--- Assigned task ---
Look through the listing below for the line with "Third-degree AV block." and the line with "Školský jednoposchodový nevybavený". Copy both, along with every line between them, exactly and with no pictures.

--- Task data ---
+++

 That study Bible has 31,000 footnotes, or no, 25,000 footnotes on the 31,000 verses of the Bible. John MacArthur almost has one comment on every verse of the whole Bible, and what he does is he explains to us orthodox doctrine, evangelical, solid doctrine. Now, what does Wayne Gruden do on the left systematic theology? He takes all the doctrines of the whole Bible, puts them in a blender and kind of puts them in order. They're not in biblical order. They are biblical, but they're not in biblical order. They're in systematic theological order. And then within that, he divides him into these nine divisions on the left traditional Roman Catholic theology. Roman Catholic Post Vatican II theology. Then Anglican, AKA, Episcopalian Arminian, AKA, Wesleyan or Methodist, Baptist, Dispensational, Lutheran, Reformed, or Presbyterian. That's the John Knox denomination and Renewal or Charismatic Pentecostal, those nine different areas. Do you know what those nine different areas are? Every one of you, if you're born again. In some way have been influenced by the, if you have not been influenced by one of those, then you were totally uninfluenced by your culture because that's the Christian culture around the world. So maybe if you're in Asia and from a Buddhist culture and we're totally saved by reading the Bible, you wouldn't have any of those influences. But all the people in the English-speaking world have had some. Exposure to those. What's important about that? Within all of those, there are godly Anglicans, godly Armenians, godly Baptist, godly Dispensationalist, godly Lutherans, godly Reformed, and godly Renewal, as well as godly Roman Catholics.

+++

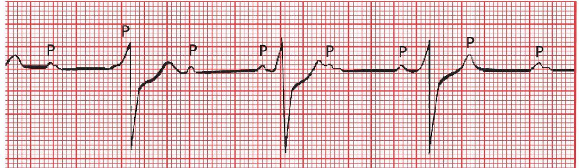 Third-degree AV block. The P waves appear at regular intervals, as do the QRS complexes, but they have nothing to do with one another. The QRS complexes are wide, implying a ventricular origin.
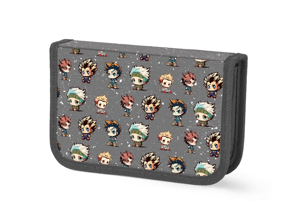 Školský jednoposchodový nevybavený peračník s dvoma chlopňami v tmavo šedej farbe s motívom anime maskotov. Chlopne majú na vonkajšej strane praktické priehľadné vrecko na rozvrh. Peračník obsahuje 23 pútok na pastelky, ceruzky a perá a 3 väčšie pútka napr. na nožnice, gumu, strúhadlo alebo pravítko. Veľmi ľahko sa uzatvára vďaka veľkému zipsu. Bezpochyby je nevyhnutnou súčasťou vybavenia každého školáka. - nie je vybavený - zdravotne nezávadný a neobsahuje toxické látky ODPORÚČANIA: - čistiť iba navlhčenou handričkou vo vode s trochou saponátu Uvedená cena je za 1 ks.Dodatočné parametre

+++

--- Answer box ---
 Third-degree AV block. The P waves appear at regular intervals, as do the QRS complexes, but they have nothing to do with one another. The QRS complexes are wide, implying a ventricular origin.
 Školský jednoposchodový nevybavený peračník s dvoma chlopňami v tmavo šedej farbe s motívom anime maskotov. Chlopne majú na vonkajšej strane praktické priehľadné vrecko na rozvrh. Peračník obsahuje 23 pútok na pastelky, ceruzky a perá a 3 väčšie pútka napr. na nožnice, gumu, strúhadlo alebo pravítko. Veľmi ľahko sa uzatvára vďaka veľkému zipsu. Bezpochyby je nevyhnutnou súčasťou vybavenia každého školáka. - nie je vybavený - zdravotne nezávadný a neobsahuje toxické látky ODPORÚČANIA: - čistiť iba navlhčenou handričkou vo vode s trochou saponátu Uvedená cena je za 1 ks.Dodatočné parametre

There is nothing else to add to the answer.